MAX_NEW_TOKENS = 160
TEMPERATURE = 0.8
TOP_K = 50
TOP_P = 0.9
# the SFT examples in ch.16 end each assistant turn with "\n", so that's the
# primary stop. The "\nUser:" / "\nSystem:" fallbacks catch the model if it
# starts a new turn on its own.
STOP_STRINGS = ["\nUser:", "\nSystem:", "\n"]
 
 
# [1]
def pick_device() -> str:
    if torch.backends.mps.is_available():
        return "mps"
    if torch.cuda.is_available():
        return "cuda"
    return "cpu"
 
 
# [2]
def load_model(device: str) -> GPT:
    cfg = GPTConfig()
    model = GPT(cfg).to(device)
    state = torch.load("checkpoints/model_sft.pt", map_location=device)

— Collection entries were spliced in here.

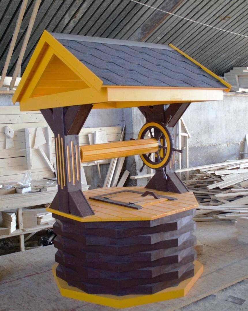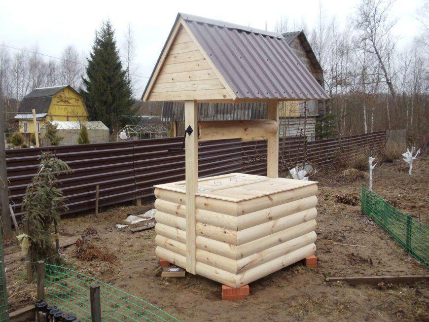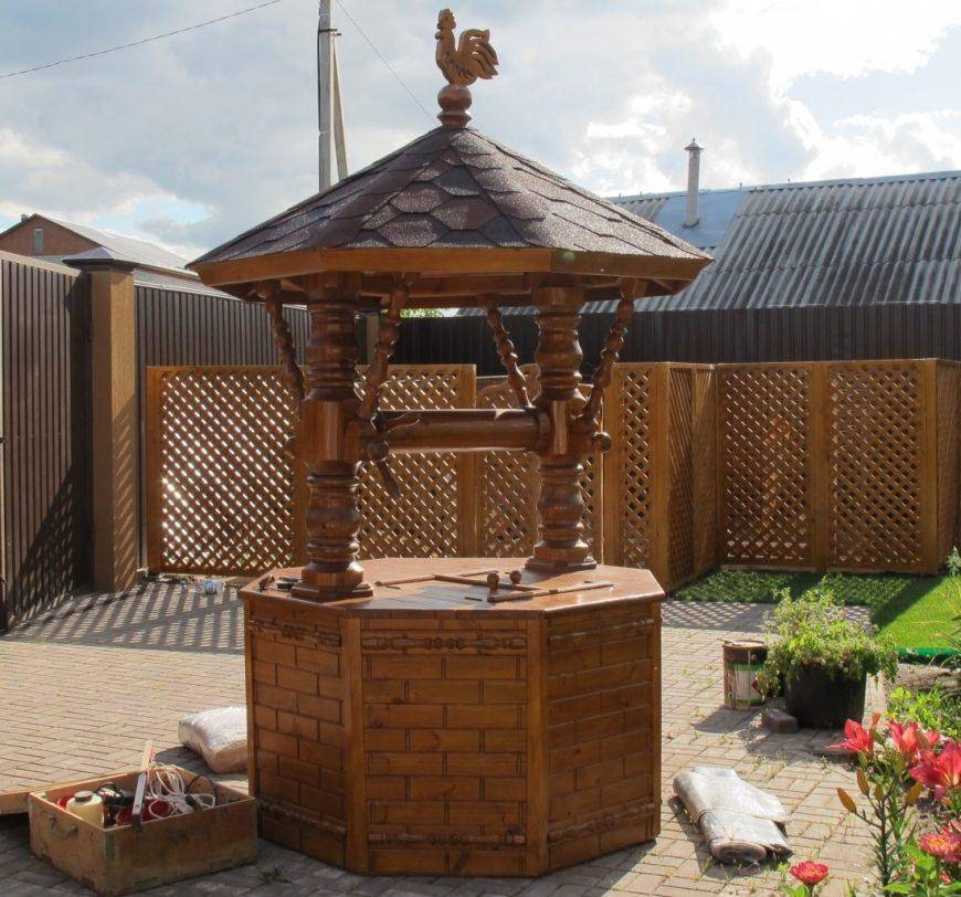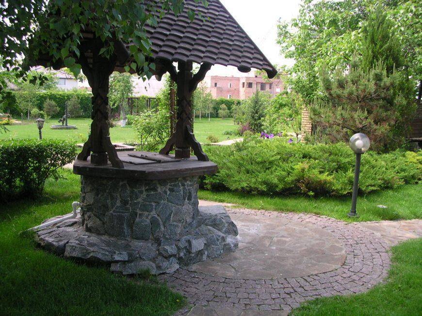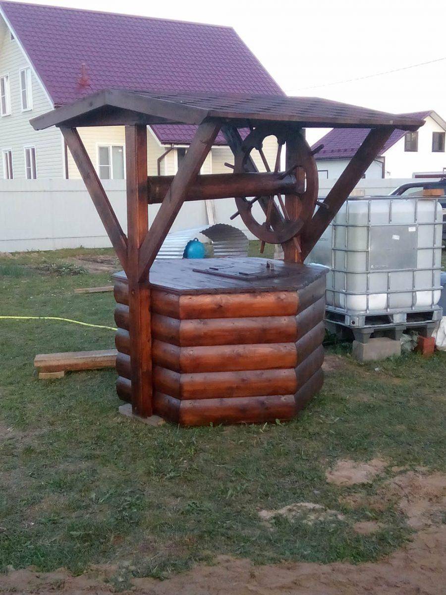 Самые популярные – это так называемые русские колодцы, состоящие из основания и барабана над ним. Барабан крутится вручную, чтобы достать ведро с водой. Сверху строится двускатная крыша.
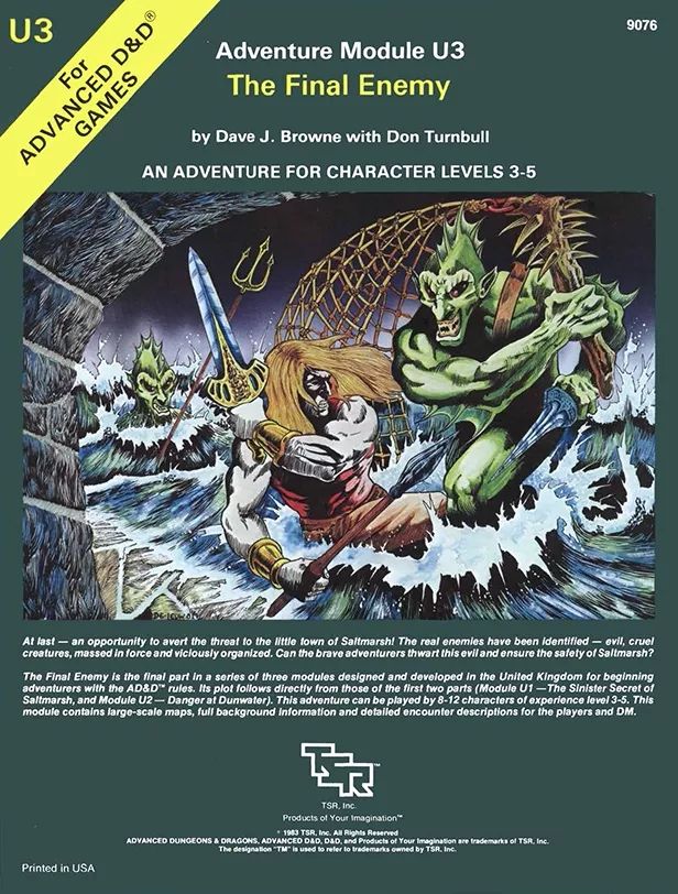 U3: The Final Enemy je třetí ze série tří dobrodružství, která jako svá první připravila britská pobočka nakladatelství TSR. Je určené pro postavy na 3. až 5. úrovni. Navazuje na děj předchozího dobrodružství U2: Danger at Dunwater (1982). Jedná se o rozsáhlý třípatrový dungeon, nicméně postavy ho nemusejí nutně „vyčistit“ – jejich úkolem je přežít dostatečně dlouho na to, aby ho prozkoumaly a podaly o něm hlášení. Modul taky vyžaduje, aby se postavy vydaly pod vodu, a proto přináší pravidla pro podvodní dobrodružství.
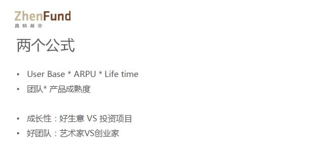 大家都会问真格基金投资有什么样的准则和心得。可能有两个公式大家会挺感觉兴趣的,一个公式,当我们看待投资项目本质的时候,我们在看什么。到最后你看一个公司的价值,你会看这个公司到底能创造多少价值,不管用户是 B 端用户还是 C 端用户,最后是用户给他贡献的。
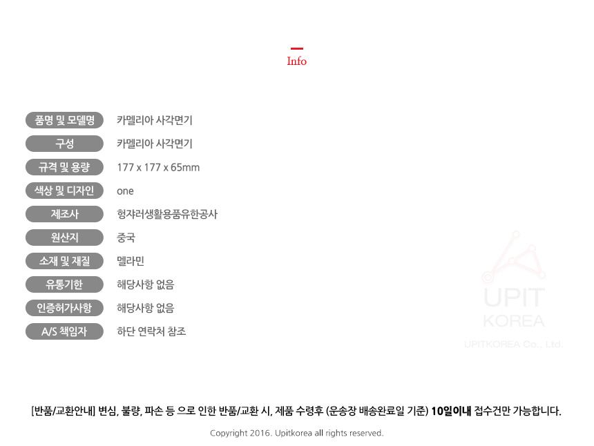 • 초기제품 이상의 경우 동일한 제품으로 1:1 교환원칙, 사용후 제품이상은 A/S를 원칙으로 합니다.
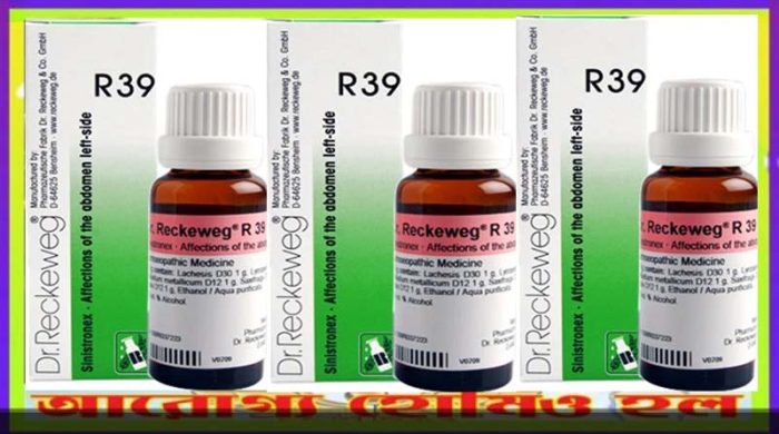 আর ৩৯ অ্যাবডোমেন ড্রপস সম্পর্কে ধারণা : আর ৩৯ ড্রপসটি হল এবটি হোমিওপ্যাথিক ওষুধ যা বেশ কিছু ঔষধ শিশ্রণ এই ড্রপগুলিতে পাওয়া যায় যা বাম পেটে ব্যথার চিকিৎসা করে। এটিতে ল্যাকেসিস (Lachesis), লাইকোপোডিয়াম (Lycopodium) ইত্যাদির মতো গুরুত্বপূর্ণ ঔষধ মিশ্রণ রয়েছে যা বাম দিকে ডিম্বাশয়ের স্নেহ, সিস্ট (ঝিল্লিযুক্ত থলি অথবা শরীরের অস্বাভাবিক চরিত্রের গহ্বর, তরলযুক্ত), প্রদাহ ও টিউমারগুলিতে কাজ করে।
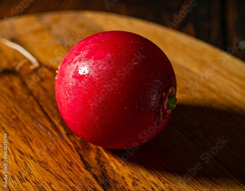 Close-up of a vibrant red radish on a wooden board
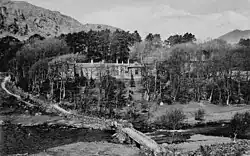 In the late 18th century, Richard Pennant, 1st Baron Penrhyn, built a road from Bangor through the Nant Ffrancon and Dyffryn Ogwen to Betws-y-Coed, and eventually through to Shrewsbury (in use by 1798). In 1801, Lord Penrhyn built the then named Capel Curig Inn. In 1808 the Mail coach which ran from Holyhead to Shrewsbury began running via Capel Curig. The Mail coach ceased operation in 1848 following the opening of the Chester and Holyhead Railway. The inn wasn't built on the road (now the A5), but some distance from it on the present site to facilitate enjoyment of the superb view of Llynnau Mymbyr (the lakes) and the Snowdon horseshoe.
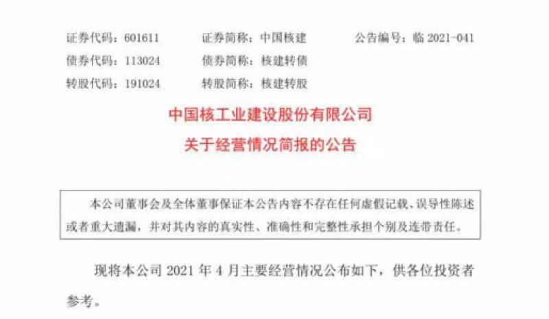 据中国核建公告显示其子公司中国核工业华兴建设有限公司与中广核工程有限公司签署广东陆丰核电厂 5、6 号机组核岛土建工程合同,合同金额 40.96 亿元。
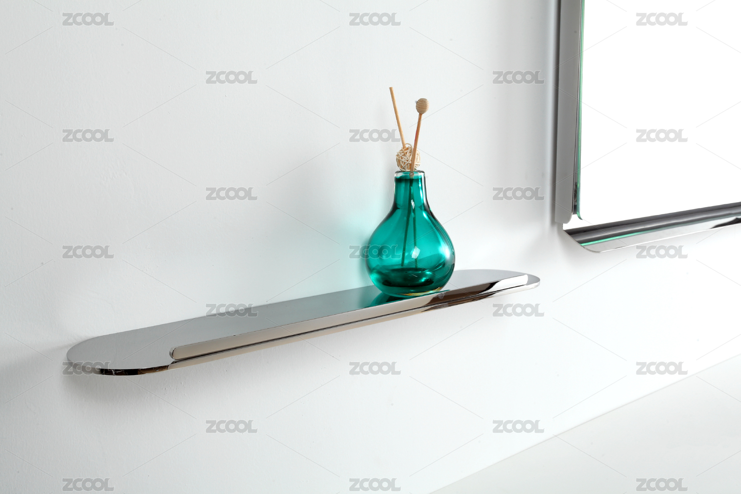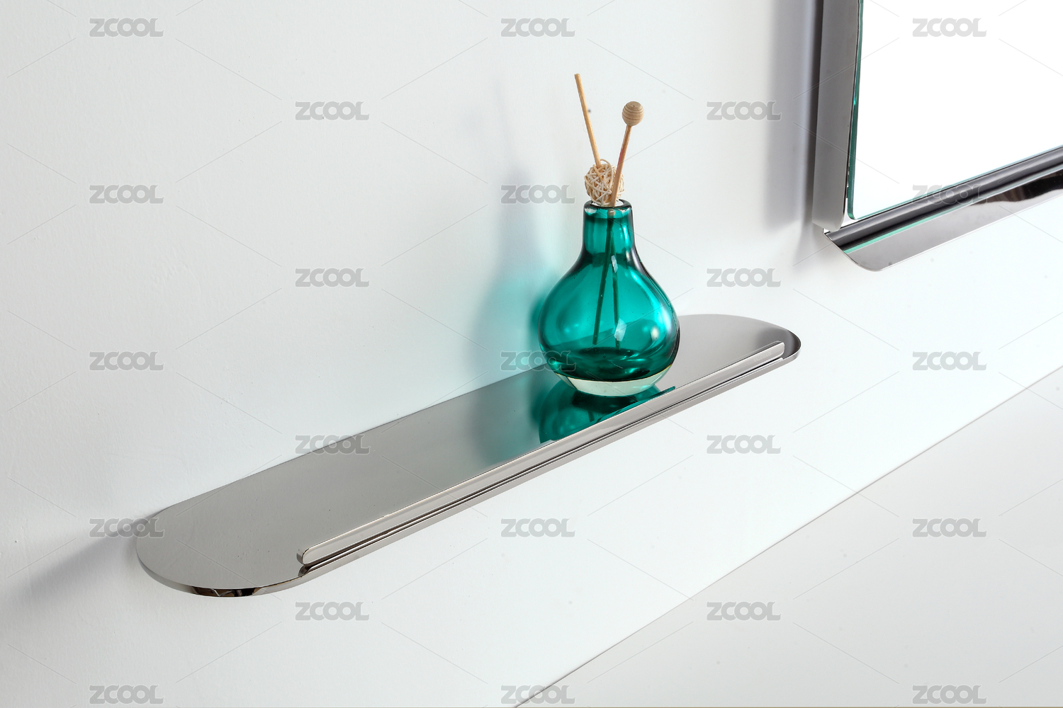 懸掛在白色墻壁上的不銹鋼浴室置物架
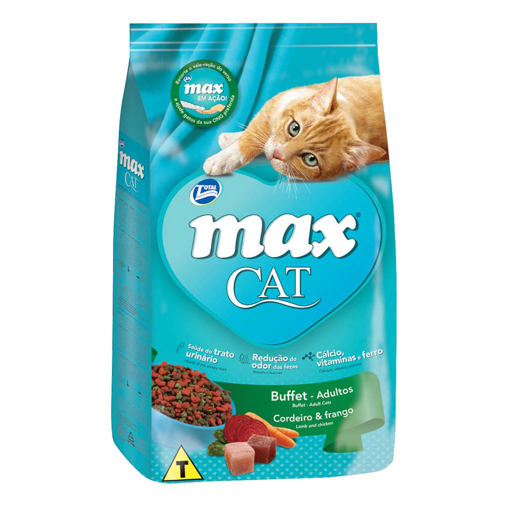 A Max Cat é uma das linhas da Total Alimentos, que atua no segmento desde 1974. É 100% brasileira e está presente em cinco continentes. Além de ter um compromisso com a ética, a empresa também se preocupa com a sustentabilidade. Se preocupa em oferecer ração de gato e cão completa e de qualidade.
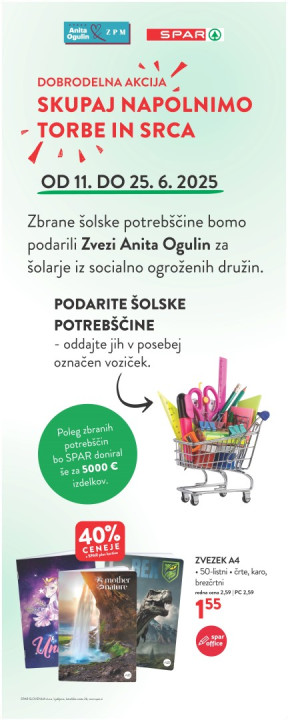 Po podatkih Zveze Anita Ogulin se je število družin, ki so potrebovale pomoč pri nakupu šolskih potrebščin, v zadnjem letu podvojilo. Leta 2023 so za šolo opremili 215 otrok in mladostnikov, leta 2024 je ta številka poskočila na 435. V želji, da bi osnovnošolcem iz manj spodbudnih okolij širom Slovenije olajšali prve šolske dni, so se v podjetju Spar Slovenija odločili, da organizirajo zbiranje šolskih potrebščin v svojih trgovinah. Dobrodelna akcija bo potekala med 11. in 25. junijem 2025 v vseh trgovinah Spar in InterSpar, kjer bodo kupci lahko za osnovnošolce socialno šibkih družin podarili izdelke v posebej označene vozičke. Za čas dobrodelne akcije so v Sparu pripravili tudi ugodno ponudbo zvezkov lastne blagovne znamke Spar Office, da olajšajo odločitev vsem, ki želijo sodelovati v dobrodelni akciji.

    model.load_state_dict(state)
    model.eval()
    return model
 
 
# [3]
def render_prompt(turns: list[tuple[str, str]]) -> str:
    lines = [f"System: {SYSTEM_PROMPT}"]
    for role, text in turns:
        lines.append(f"{role}: {text.strip()}")
    lines.append("Assistant:")
    return "\n".join(lines)
 
 
# [4]
def sample_next(logits: torch.Tensor) -> torch.Tensor:
    logits = logits / TEMPERATURE
    probs = F.softmax(logits, dim=-1)
 
    if TOP_K is not None:
        top_values, _ = probs.topk(TOP_K)
        probs[probs < top_values[..., -1, None]] = 0
        probs = probs / probs.sum(dim=-1, keepdim=True)
 
    if TOP_P < 1.0:
        sorted_probs, sorted_idx = probs.sort(descending=True, dim=-1)
        cumulative = sorted_probs.cumsum(dim=-1)
        mask = cumulative > TOP_P
        mask[..., 0] = False
        sorted_probs[mask] = 0
        probs = torch.zeros_like(probs).scatter_(-1, sorted_idx, sorted_probs)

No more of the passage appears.